– И чего ж я такого вижу? – полусотенный подошел к Тагаю, застыл, возвышаясь над ним. Низкорослый вогул снизу вверх смотрел на него.
– За Пелымью ваша земля кончается.
– Шалишь, – тряхнул бородой Скрябин, – наша тут земля. И за ней – тоже наша. Вся Сибирь, сколько есть ее. И куда еще не добрались – вскоре доберемся.
– Не ваша, – упрямо мотнул головой проводник.
– А чья тогда? Уж не ваша ли? Так вогульских князей мы давно побили…
– И не наша, – перебил полусотенного Тагай. – Человек здесь хозяином отродясь не был. И не будет никогда.
– Мракобесие свое языческое при себе держи, – сквозь зубы процедил Лонгин. – Не больно-то вам байки ваши помогли со стрелецкой пищалью и казацкой саблей сладить.
Вогул кивнул согласно:
– Вот и Замятня тебе, белый князь, так же ответил, – и развернулся, уйти намереваясь.
Скрябин положил ему руку на плечо, удержал.
– Нет, ты погоди.

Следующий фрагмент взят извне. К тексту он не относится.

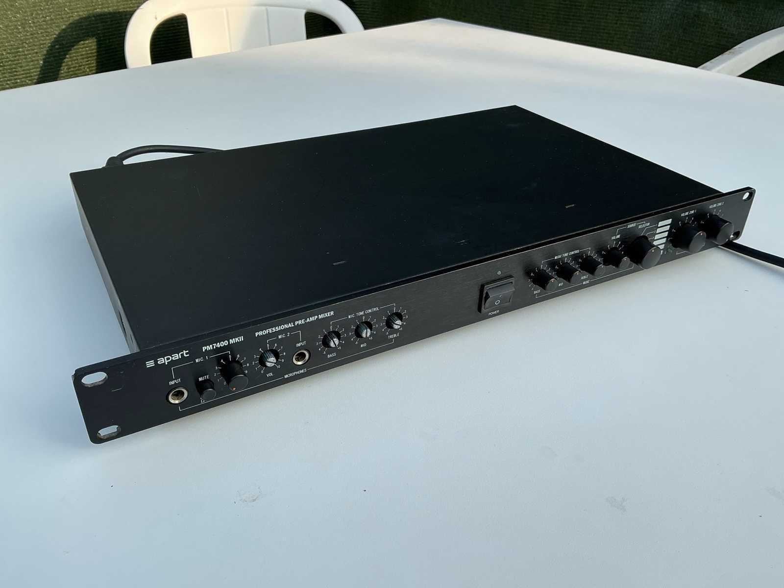 De APart MP7400MKII is een professionele 2‑zone voorversterker/mixer, ideaal voor horeca, winkels, kantoren, fitness, zalen en vaste geluidsinstallaties. Het toestel is gebruikt, maar volledig werkend en getest. Met 6 lijningangen, 2 microfooningangen, toonregeling, prioriteit en zone‑routing is dit een zeer veelzijdige en betrouwbare unit voor achtergrondmuziek en paging. Kenmerken - Professionele 2‑zone pre‑amp mixer - 6 lijningangen + 2 microfooningangen - VOX‑mute op microfoon 1 - 3‑band toonregeling - Prioriteit‑contact - 19” rackmount (1HE) - Staat: gebruikt maar werkend No Merk: Apart Model: MP7400MKII

Говори, что хотел – а я послушаю.
– Нечего мне сказать. Древняя это земля. Такая, что ни один манси тут не поселится, а женщина и вовсе на нее не ступит, ревность ее нутром чуя. Неспроста беглые люди сюда пришли – и не по одной своей воле. Наущение их привело.
– Чье? – нахмурился полусотенный. Речи проводника разбудили в нем тревогу, что уже не первый день дремала в груди.
– Про то не ведаю, белый князь.
– Не князь я, – Скрябин оттолкнул от себя Тагая.
Вогул ушел, оставив полусотенного задумчиво глядеть на раскинувшуюся за прибрежным холмом тайгу. Темной стеной вставала она у берегов. Разлапистые кедры клонили тяжелые ветви к земле, что блестела оловянно от напитавшей ее влаги. На склоне, где повыше да посуше, суетились стрельцы с казаками – разводили костры, ставили навесы, перетаскивали со струг съестное и прочий припас, снаряжали волокуши. Коней с собой не брали – не прошел бы конь в такой паводок, увяз бы. А человеку все едино – он скотина такая, что ему все нипочем.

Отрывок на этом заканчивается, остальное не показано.